Australia’s taxman is once again sounding the alarm over fraudsters impersonating tax officials and demanding that tax debts be paid in bitcoin as well as other ‘unusual’ methods.

In the latest scam alert, the Australian Taxation Office has warned that scammers are going around threatening to get the federal police to send Australians to jail if their tax debts were not cleared urgently. The tax authority highlighted a case where an individual pseudonymously named Darren was contacted by a scammer who claimed he owed the taxman AU$9,000. The scammer threatened Darren with a jail sentence of half a decade if the amount was not paid the same day.

Three-Way Conversation

Under pressure, Darren went on to provide the contact details of his tax agent to the scammer in order to clear things up.
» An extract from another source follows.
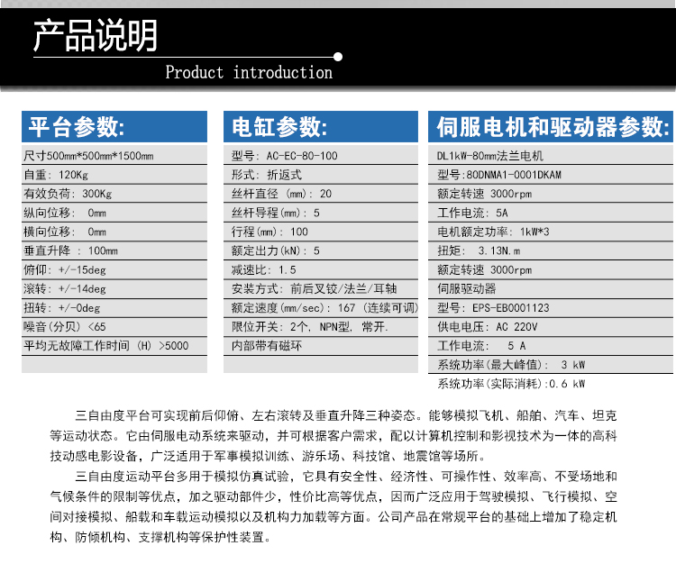 三自由度運動平臺多用于模擬仿真試驗,它具有安全性、經(jīng)濟性、可操作性、效率高、不受場地和氣候條件的限制等優(yōu)點,加之驅動部件少,性價比高等優(yōu)點,因而廣泛應用于駕駛模擬、飛行模擬、空間對接模擬、船載和車載運動模擬以及機構力加載等方面。公司產(chǎn)品在常規(guī)平臺的基礎上增加了穩(wěn)定機構、防傾機構、支撐機構等保護性裝置。

Conveniently, however, when the con artist called Darren’s tax agent, he was found to be in a meeting. But there was another individual named Grey who purportedly worked in the same practice and who offered to assist. Grey then ‘corroborated’ the scammer’s assertions.

“A fake conversation was had between Mr Grey and the original scammer with Mr Grey agreeing there was an error with Darren’s tax return and that he owed money to the ATO,” Australia’s tax authority wrote on its website. “Mr Grey told Darren to go to a specific location and pay the $9,000 today. Darren withdrew cash and deposited it into a Bitcoin [ATM] machine.”

Besides bitcoin the ATO also revealed that the fraudsters were also demanding ‘tax debts’ to be paid in other unusual methods such as iTunes balance, pre-paid visa cards and store gift cards. According to the Australian Taxation Office, the best way to avoid being conned is to keep abreast of one’s tax affairs as it will be easier to tell outright scams when there’s clear knowledge of the ‘debts owed, refunds due and lodgments outstanding’.

Not New

This is not the first time that the ATO is warning against scammers who have turned to cryptocurrencies. In a previous scam alert which was reported by CCN in March, Australia’s taxman warned against con artists who were posing as employees of the tax authority. At the time it was estimated that the fraudsters had collected bitcoin more than AUD$50,000 from their victims in a scheme that had started in 2017.

“We became aware of scammers seeking payment in Bitcoin last year,” Kath Anderson, ATO’s assistant commissioner, said then. “So far, we have seen over $50,000 paid in Bitcoin to scammers claiming fake ATO tax debts.”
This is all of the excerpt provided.